3. The method as described in claim 1, characterized in that, The specific methods for verifying net weight consistency include: Calculate the net weight of shipment based on the second weight and the first weight; Calculate the net weight of the received goods based on the third and fourth weights; Calculate the net weight difference based on the shipped net weight and the received net weight; The net weight difference is compared with a preset net weight difference threshold. If the net weight difference exceeds the net weight difference threshold, it is determined that there is an abnormal loss during transit.

4. The method as described in claim 1, characterized in that, The specific methods for verifying material consistency include: Compare the material identification results from the first, second, and third identification results with the material information specified in the electronic waybill; If they are the same, they are the same material; if they are different, they are different materials.

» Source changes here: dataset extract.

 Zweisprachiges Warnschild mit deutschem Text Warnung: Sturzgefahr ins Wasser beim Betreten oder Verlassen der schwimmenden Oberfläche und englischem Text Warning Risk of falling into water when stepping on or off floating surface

5. A closed-loop control system for the transportation of engineering materials, characterized in that, include: The system includes a shipping node, a receiving node, and a cloud server. The shipping node is used to acquire the first weight, first time, vehicle image, and first status of a vehicle passing through a first weighing device in the direction of entry; acquire the second weight, second time, vehicle and material image, first identification result, and second status of a vehicle passing through a second weighing device in the direction of departure, and send the acquired data to the cloud server. The receiving terminal node is used to acquire the third weight, third time, vehicle and material images, second recognition result and third status of vehicles marked with the second status passing through the third weighing device in the direction of entry, and to acquire the fourth weight, fourth time, vehicle image, third recognition result and fourth status of vehicles marked with the third status passing through the fourth weighing device in the direction of exit, and to send the acquired data to the cloud server. The cloud server performs the method as described in any one of claims 1-4.

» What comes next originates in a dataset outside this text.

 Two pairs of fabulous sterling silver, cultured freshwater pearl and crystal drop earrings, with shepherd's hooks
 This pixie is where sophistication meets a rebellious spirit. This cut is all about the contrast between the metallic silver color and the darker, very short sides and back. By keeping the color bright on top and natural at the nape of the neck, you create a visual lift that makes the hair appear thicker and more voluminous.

6. The system as described in claim 5, characterized in that, The shipping end node includes a first weighing device, a second weighing device, a direction detection device, an image acquisition device, and a license plate recognition device. Both the first and second weighing devices are weighbridges. The direction detection device is located in front of and behind the weighbridge to determine the vehicle's driving direction. The image acquisition device is located above the weighbridge to capture vehicle images. The license plate recognition device is used to identify vehicle information.

7. The system as described in claim 6, characterized in that, The receiving terminal node includes a third weighing device, a fourth weighing device, a direction detection device, an image acquisition device, and a license plate recognition device. The third and fourth weighing devices are both weighbridges. The direction detection device is set in front of and behind the weighbridge to determine the vehicle's driving direction. The image acquisition device is set above the weighbridge to capture vehicle images. The license plate recognition device is used to identify vehicle information.

8. The system as described in claim 6 or 7, characterized in that, Both the shipping and receiving nodes include AI recognition devices, which are used to identify material categories based on image acquisition devices.

9. A cloud server, comprising: The processor, input device, output device, and memory are interconnected, the memory being used to store a computer program, the computer program including program instructions, characterized in that the processor is configured to invoke the program instructions to perform the method as described in any one of claims 1-4.

10. A computer-readable storage medium, characterized in that, The computer-readable storage medium stores a computer program, the computer program including program instructions that, when executed by a processor, cause the processor to perform the method as described in any one of claims 1-4.